=== Begin Enclosure ===

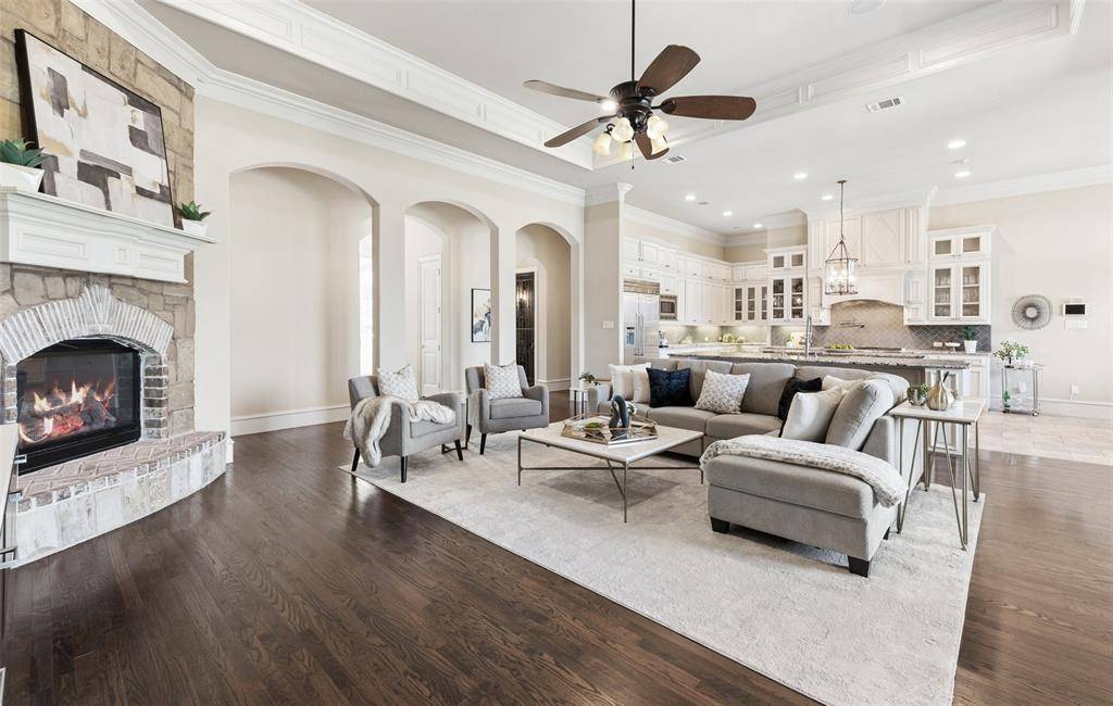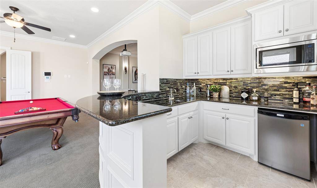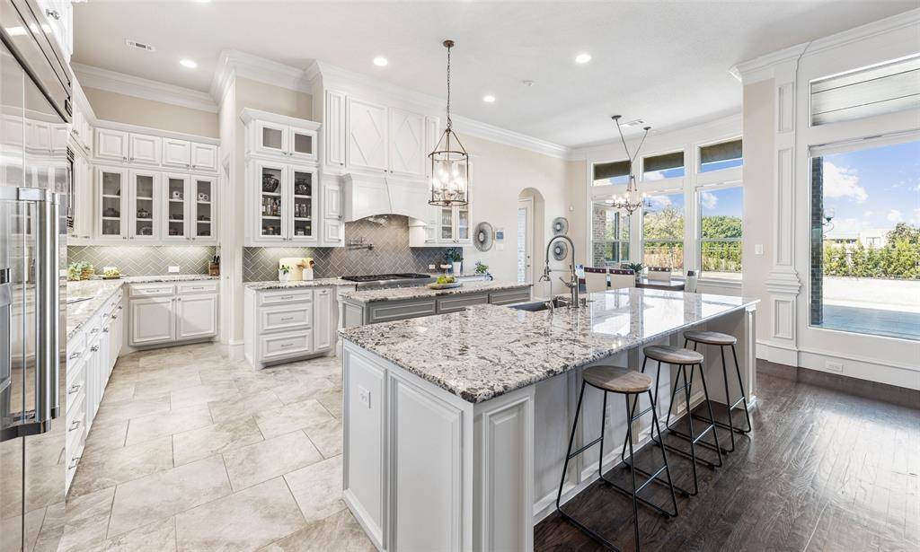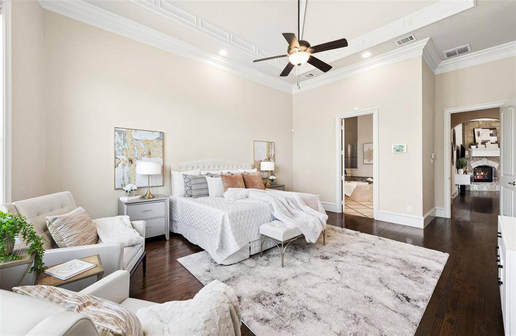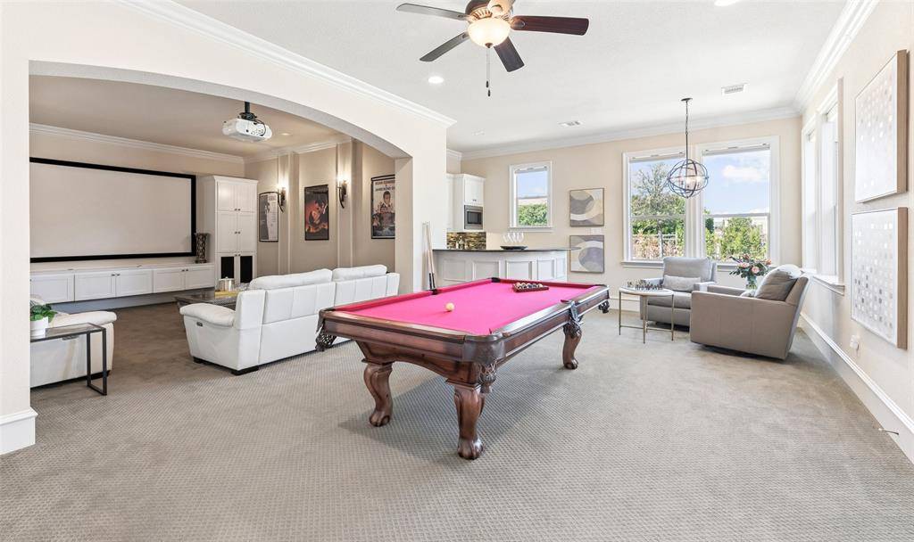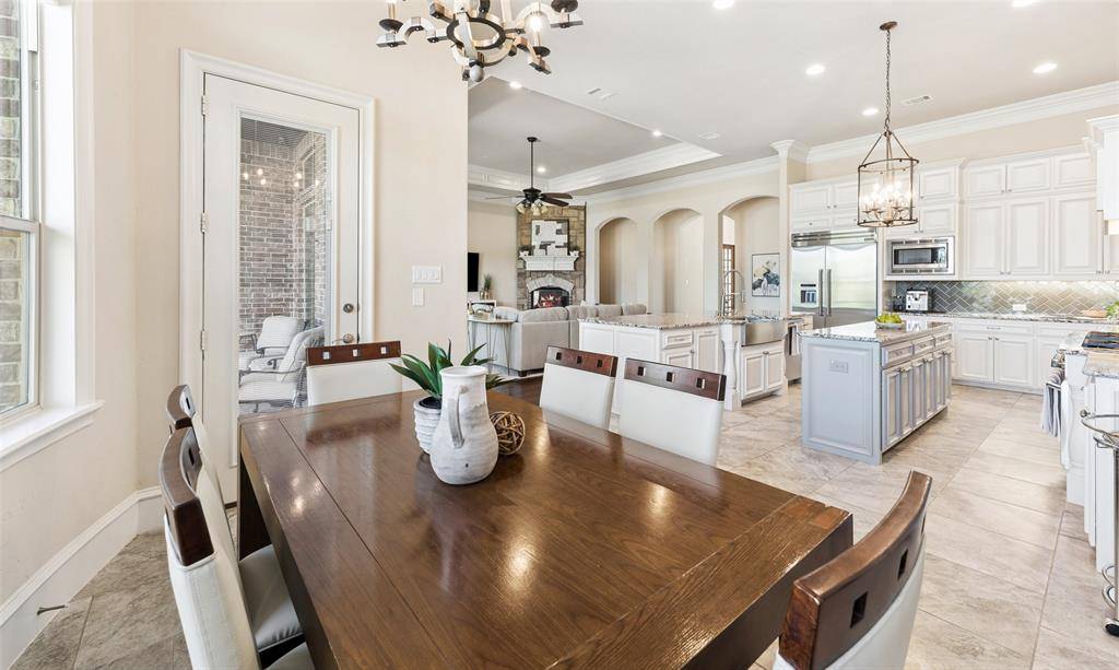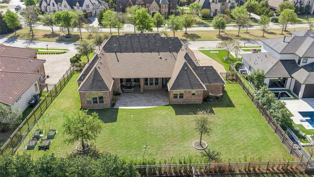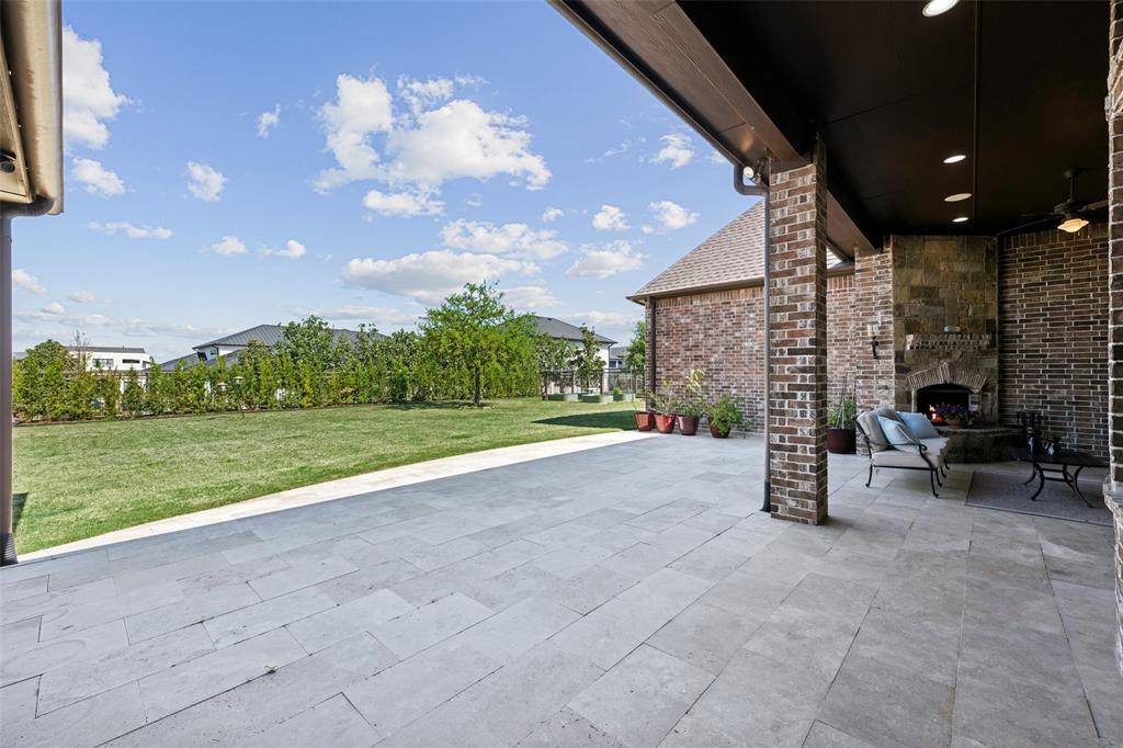 Welcome to an exceptional one-story estate in the prestigious Hills of Kingwood, originally crafted as a formal model home by Our Country Homes, showcasing the builder's finest design, upgrades, & architectural craftsmanship throughout. From the moment you enter, you'll notice the stunning millwork & thoughtful architectural details that set this home apart. The open-concept floorplan is both elegant & functional, centered around a spacious living room with a stone fireplace & expansive views of the backyard. Electric shades on the windows add convenience & comfort, while natural light fills the space. The living area seamlessly flows into a chef's dream kitchen, featuring two oversized islands, a farmhouse sink, & premium Thermador appliances, including a built-in refrigerator, gas range, oven, & microwave, plus a convenient pot filler. The kitchen is complemented by a bright breakfast area, a formal dining room, & a built-in wine bar, perfect for entertaining. The private primary suite offers a true retreat with space for a sitting area. The spa-like bathroom includes a soaking tub, walk-in shower with a rain head, & a linen closet for added storage. Three additional bedrooms are thoughtfully split from the primary suite, providing privacy for family or guests. Designed for both relaxation & entertainment, the home features a game room with a bar that includes a sink, microwave, & fridge that flows into a dedicated media room, ideal for movie nights or hosting gatherings. A richly appointed office with wood paneling, built-ins, & French doors creates the perfect work-from-home environment. Situated on nearly half an acre, the outdoor space is just as impressive. Enjoy the extended travertine patio complete with a fireplace, covered seating area with ceiling fan, and plenty of room to relax or entertain. A charming vegetable garden offers a wonderful opportunity for the next owner to cultivate and personalize. A rare opportunity to own a stunning home in Frisco.
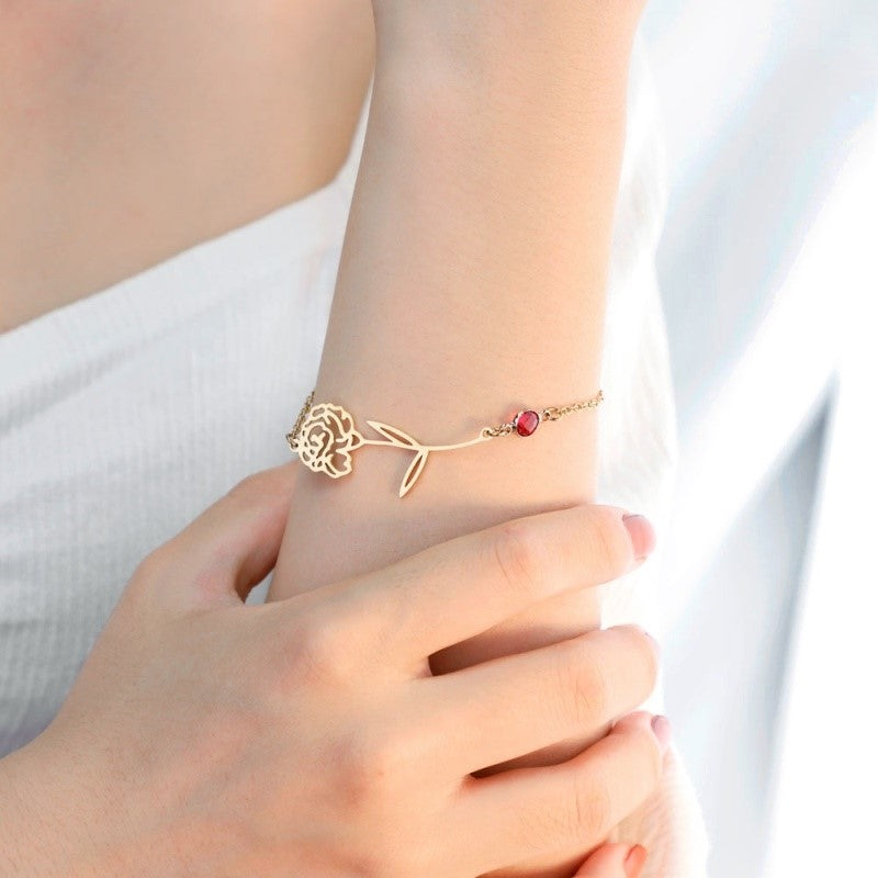 Flower Bracelet For Women With Crystal Birthstone Christmas
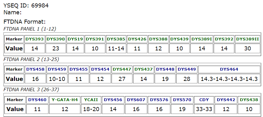 Исследовано 37 STR маркеров Y-хромосомы в лаборатории YSEQ
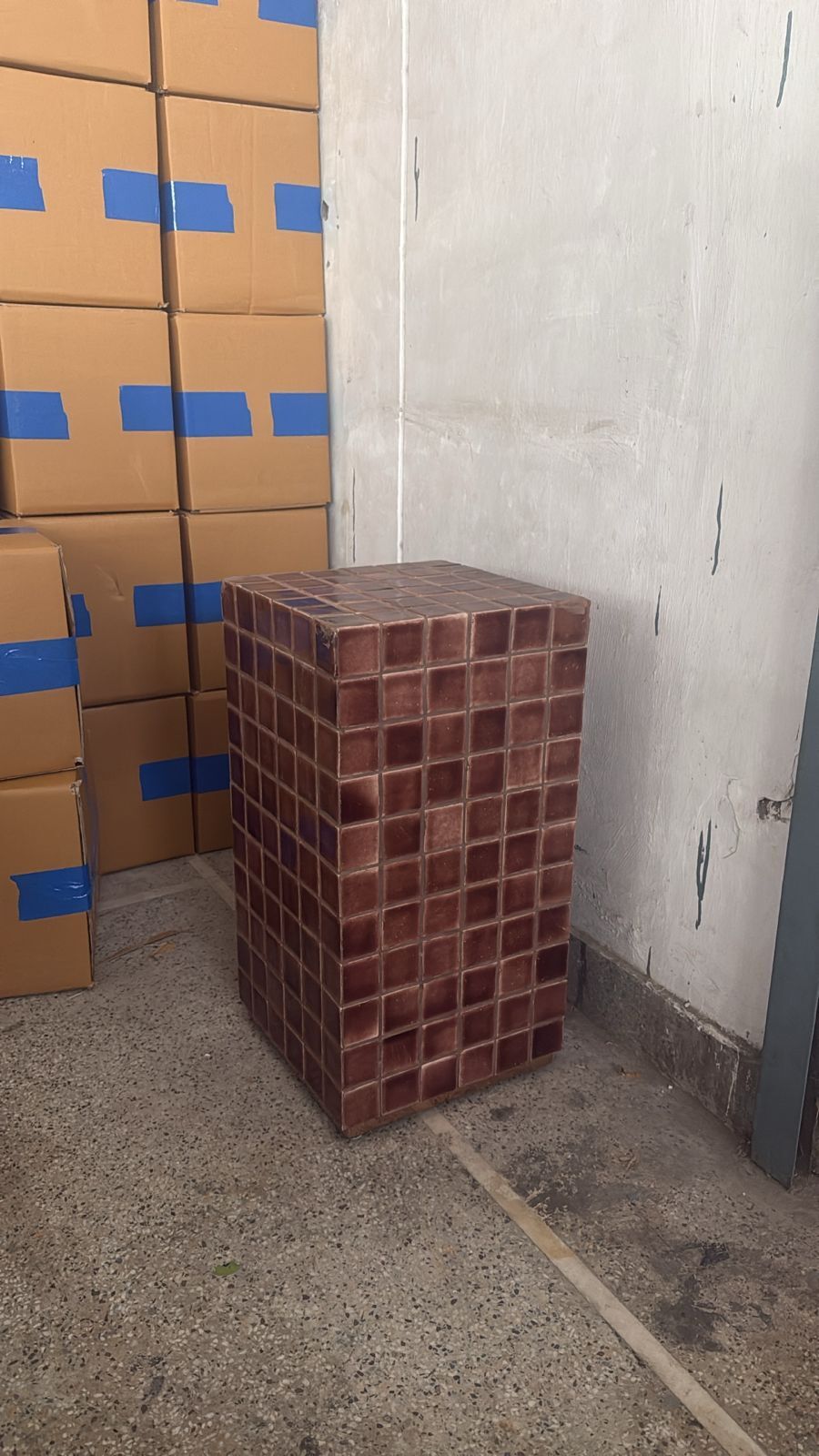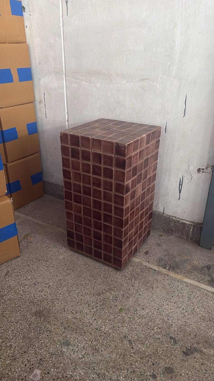 Designed for compact spaces with bold personality, this tile-clad side table combines artisanal texture with a clean geometric silhouette. Finished in a rich brick red tone, its minimalist cube-shaped form is crafted using tile, wood, and steel skirting, creating a distinctive accent that works beautifully beside sofas, beds, lounge chairs, or reading corners. The textured tiled surface adds handcrafted character, while the structured profile allows it to blend effortlessly into modern, contemporary, and eclectic interiors. Ideal as a small side table for living room, bedside use, or accent décor, this designer cube table delivers both function and statement styling in one compact piece.
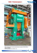 JSC“Tjazhmekhpress”,即众所周知的TMP,是全球知名的各种重工业机械压力机制造商。自1953年第一台压力机问世以来,TMP已向全世界60多个国家提供了约1.3万台各种机器。1955年,TMP首次向中国交货,占据了当地重型机械压力机市场近70%的份额。原因很明显,高性能、结构简单、耐久性和可维护性是TMP设备的不变特点。
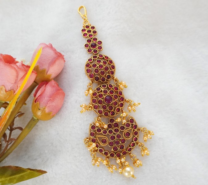 Explore Kemp Traditional Netti Chutti – Antique gold-finished forehead jewelry with red and green Kemp stones. Ideal for South Indian weddings and Bharatanatyam performances.
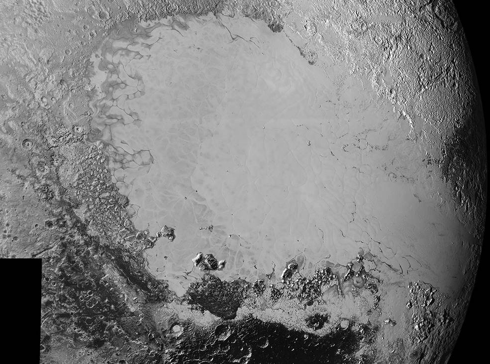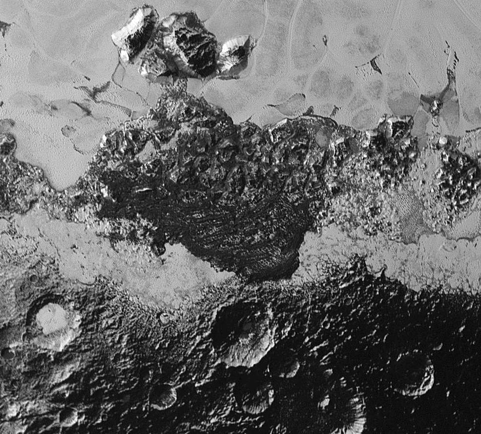 La zona de cráteres llamada Cthulhu y las llanuras heladas de Sputnik Planum.
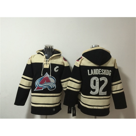 Men's Colorado Avalanche #92 Gabriel Landeskog Black All Stitched Sweatshirt Hoodie
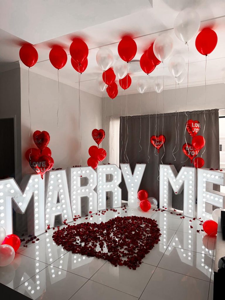 Juliet walked into the living room, her breath catching as she saw Happy Lights marquee letters glowing softly—“MARRY ME”. The warm light danced across the walls, filling the space with magic.
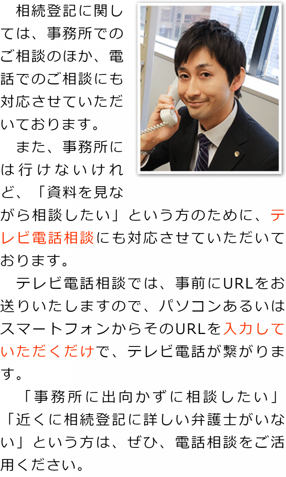トップその他電話・テレビ電話相談について 階層構造▼ その他(目次) 電話・テレビ電話相談について その他(目次)その他トップ共通バナー元※削除不可新着情報(心グループニュース)電話・テレビ電話相談について代表メッセージお客様相談室費用(詳細)費用の安さにこだわる理由関連リンクお役立ちリンクプライバシーポリシー 受付時間 平日 9時~21時、土日祝 9時~18時 夜間・土日祝の相談も対応します (要予約) 所在地 〒111-1111 ●町●●建物● 0120-41-2403 お問合せ・アクセス・地図

=== End Enclosure ===

**How to complete this task**
Could you transcribe exactly the lines from the line containing "Juliet walked into" through the final line of the records, both included, and nothing beyond them? The pictures should be left out.

**Response for this exercise**
 Juliet walked into the living room, her breath catching as she saw Happy Lights marquee letters glowing softly—“MARRY ME”. The warm light danced across the walls, filling the space with magic.
トップその他電話・テレビ電話相談について 階層構造▼ その他(目次) 電話・テレビ電話相談について その他(目次)その他トップ共通バナー元※削除不可新着情報(心グループニュース)電話・テレビ電話相談について代表メッセージお客様相談室費用(詳細)費用の安さにこだわる理由関連リンクお役立ちリンクプライバシーポリシー 受付時間 平日 9時~21時、土日祝 9時~18時 夜間・土日祝の相談も対応します (要予約) 所在地 〒111-1111 ●町●●建物● 0120-41-2403 お問合せ・アクセス・地図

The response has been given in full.